In the entries below, find the line with "2、在場景中注意收集道具如超" and the line with "Mcdodo CC-190 chính"; reproduce those two lines and all lines between them exactly, without pictures.
----------
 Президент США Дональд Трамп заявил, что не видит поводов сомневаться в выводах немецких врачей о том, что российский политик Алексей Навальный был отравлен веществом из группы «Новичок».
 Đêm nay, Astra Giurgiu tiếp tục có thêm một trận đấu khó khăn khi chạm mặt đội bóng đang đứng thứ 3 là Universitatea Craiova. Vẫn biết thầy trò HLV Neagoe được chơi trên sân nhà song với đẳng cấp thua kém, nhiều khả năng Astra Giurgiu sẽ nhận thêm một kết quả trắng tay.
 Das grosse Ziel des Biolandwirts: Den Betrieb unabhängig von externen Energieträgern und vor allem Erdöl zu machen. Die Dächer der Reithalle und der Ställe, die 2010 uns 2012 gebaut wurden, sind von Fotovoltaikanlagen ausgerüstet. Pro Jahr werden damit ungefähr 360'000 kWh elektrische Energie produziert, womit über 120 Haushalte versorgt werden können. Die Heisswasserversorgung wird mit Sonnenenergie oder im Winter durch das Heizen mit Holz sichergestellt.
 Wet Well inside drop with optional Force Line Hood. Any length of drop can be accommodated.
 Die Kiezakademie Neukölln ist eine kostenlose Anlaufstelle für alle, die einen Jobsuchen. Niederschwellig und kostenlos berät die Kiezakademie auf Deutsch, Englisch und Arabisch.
----------
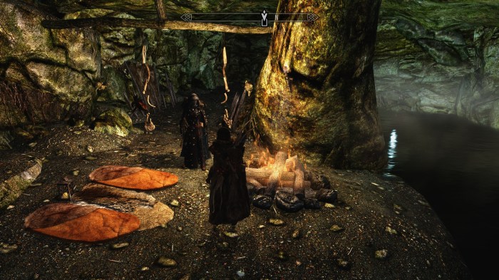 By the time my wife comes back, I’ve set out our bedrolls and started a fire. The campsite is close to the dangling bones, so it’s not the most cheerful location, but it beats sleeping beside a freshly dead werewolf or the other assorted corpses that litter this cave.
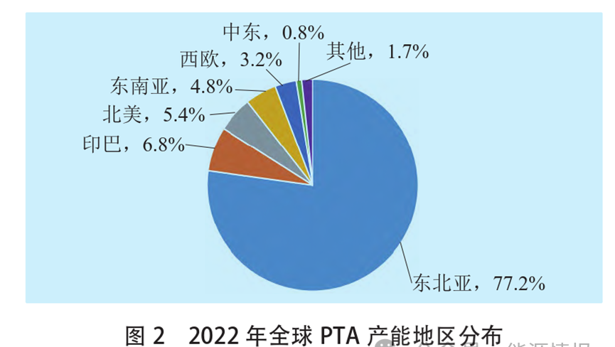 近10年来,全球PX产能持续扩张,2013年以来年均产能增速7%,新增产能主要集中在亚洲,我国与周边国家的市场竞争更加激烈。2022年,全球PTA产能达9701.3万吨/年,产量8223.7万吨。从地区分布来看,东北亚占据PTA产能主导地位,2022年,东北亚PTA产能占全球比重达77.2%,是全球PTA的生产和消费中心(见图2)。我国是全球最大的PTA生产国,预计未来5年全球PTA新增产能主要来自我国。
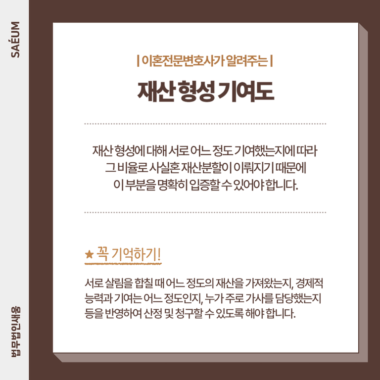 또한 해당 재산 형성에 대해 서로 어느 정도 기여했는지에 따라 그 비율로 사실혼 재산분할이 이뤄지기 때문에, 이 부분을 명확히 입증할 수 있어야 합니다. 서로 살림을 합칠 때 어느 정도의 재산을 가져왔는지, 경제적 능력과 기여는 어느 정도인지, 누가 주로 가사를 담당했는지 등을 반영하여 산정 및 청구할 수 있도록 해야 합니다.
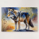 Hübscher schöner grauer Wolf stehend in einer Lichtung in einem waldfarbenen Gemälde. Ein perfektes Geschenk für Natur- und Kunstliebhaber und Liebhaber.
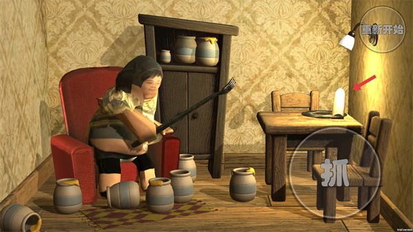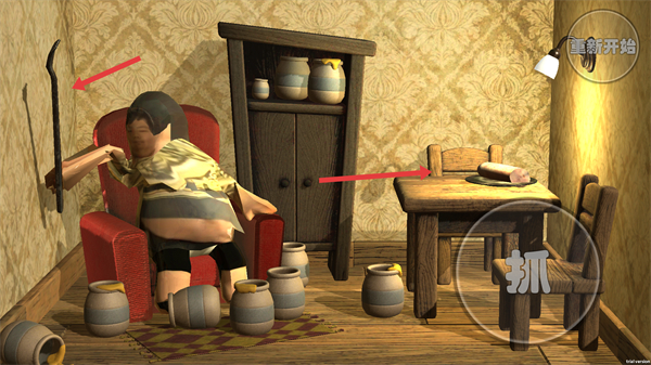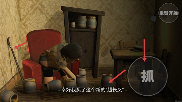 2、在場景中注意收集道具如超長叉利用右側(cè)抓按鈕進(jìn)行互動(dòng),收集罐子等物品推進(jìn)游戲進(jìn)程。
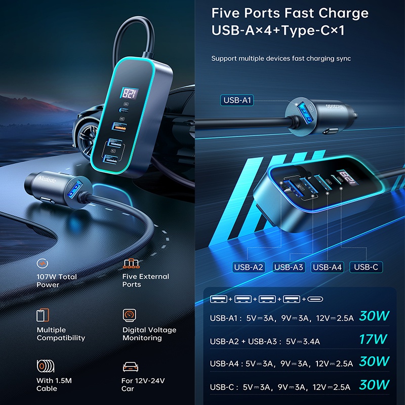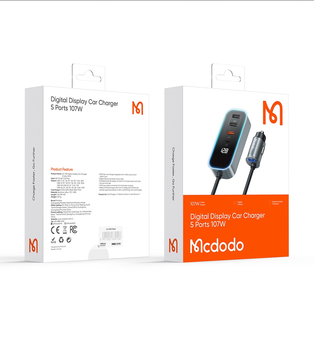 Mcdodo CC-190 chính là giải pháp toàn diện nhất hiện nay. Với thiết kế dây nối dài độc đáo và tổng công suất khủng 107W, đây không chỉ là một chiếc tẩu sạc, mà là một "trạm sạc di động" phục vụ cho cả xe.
----------
▸ **Response box**:
 2、在場景中注意收集道具如超長叉利用右側(cè)抓按鈕進(jìn)行互動(dòng),收集罐子等物品推進(jìn)游戲進(jìn)程。
 Mcdodo CC-190 chính là giải pháp toàn diện nhất hiện nay. Với thiết kế dây nối dài độc đáo và tổng công suất khủng 107W, đây không chỉ là một chiếc tẩu sạc, mà là một "trạm sạc di động" phục vụ cho cả xe.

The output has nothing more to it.